What to Consider When Deciding CLL Treatment

  • Continued advancements in treatment for chronic lymphocytic leukemia (CLL) have given physicians more treatment options, particularly regarding BTK inhibitors and CAR T-cell therapy.
  • BTK inhibitors and CAR T-cell therapy lisocabtagene maraleucel (liso-cel), an anti-CD19 CAR T-cell therapy, are used to treat adult CLL patients with relapsed or refractory large B-cell lymphoma after two or more prior lines of therapy.
  • Dr. Adam Kittai, an Associate Professor of Medicine at Mount Sinai in New York, explains that BTK inhibitors such as pure ibrutinib are easier on the patient partly because they can be taken orally and take less time to obtain, thus making it his first treatment option.
  • Dr. Kittai says that CAR T-cell therapy, “We only give it one time, and it requires specialized care” at a facility familiar with it. He adds that it also comes with “significant toxicity” and can take roughly two weeks to manufacture.
  • Sometimes, a BTK inhibitor may be prescribed in the interim, while CAR T-cell therapy is manufactured to help stabilize the patient.

You now have more options for treating your chronic lymphocytic leukemia (CLL) patients, thanks to the continued progress of Bruton’s tyrosine kinase (BTK) inhibitors and the recent approval of chimeric antigen receptor CAR T-cell therapy. Lisocabtagene maraleucel (liso-cel) – anti-CD19 CAR-T cell therapy helps treat adult CLL patients with relapsed or refractory large B‐cell lymphoma (LBCL) after two or more lines of systemic therapy. The big question for physicians is sequencing of these medicines and deciding which patients will benefit.

Ibrutinib (brand name: Imbruvica), a type of BTK inhibitor, helped revolutionize CLL treatment as a “chemotherapy-free” front-line treatment option following its FDA approval in 2016.

Dr. Adam Kittai, an Associate Professor of Medicine at Mount Sinai in New York, explains to SurvivorNet that both of these drugs were approved after patients had received two prior lines of therapy—a prior BTK inhibitor and Venetoclax (Venclyxto), a BCL2 inhibitor that helps slow cancer progression.

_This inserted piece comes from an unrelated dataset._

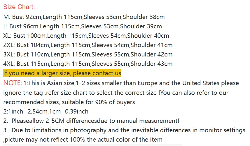 3XL: Bust 110cm,Length 115cm,Sleeves 55cm,Shoulder 42cm

“Now the question becomes, which drug do I reach for first? Do I reach for the pure ibrutinib first in this space, or do I reach for CAR T-cell therapy? I think for the majority of patients, I’m likely to reach for the pure ibrutinib,” Dr. Kittai said.

He adds that ibrutinib, like other BRK inhibitors, can be taken orally, making it easier for the patient.

The Ease of BTK Inhibitors May Give It the Edge

Dr. Kittai prefers ibrutinib over CAR T-cell therapy because the BTK inhibitor was designed to work in patients who’ve “progressed on the covalent BTK inhibitors.”

“When you have a patient who has already gone through our major classes of drugs, typically older may have a lot of disease that’s flaring, the pure ibrutinib is off the shelf,” Dr. Kittai said.

“CAR T-cell therapy, we only give one time, so it requires specialized care. So, you need to have a center that’s familiar with giving the CAR T-cell therapy. It does come with significant toxicity with the cytokine release syndrome as well as the [immune effector cell-associated neurotoxicity syndrome] (ICANS), the neurotoxicity, and you also have to wait,” Dr. Kittai further explained.

CAR T-cell therapy’s effectiveness depends on cell manufacturing, a multi-step process that can consume precious time. Research published in the Journal of Experimental Medicine notes that “the overall process involves isolation of the starting cell population from the leukapheresis product, T-cell activation, genetic modification, ex vivo expansion, final product formulation, and product release testing.”

The manufacturing process can take roughly two weeks to complete.

“We still have that issue of manufacturing time where from the time of apheresis to create the CAR T product to receiving the CAR T itself, patients need to receive something in the interim to ensure their disease is stabilized. So, I think, for the most part, I’ll pick pure ibrutinib first or at least use it as an agent to stabilize the patient prior to CAR T-cell therapy,” Dr. Kittai explained.

Ongoing advancements in CLL treatment continue to offer much-needed hope for patients who have already progressed or cannot tolerate primary therapies in the BTK inhibitors and venetoclax.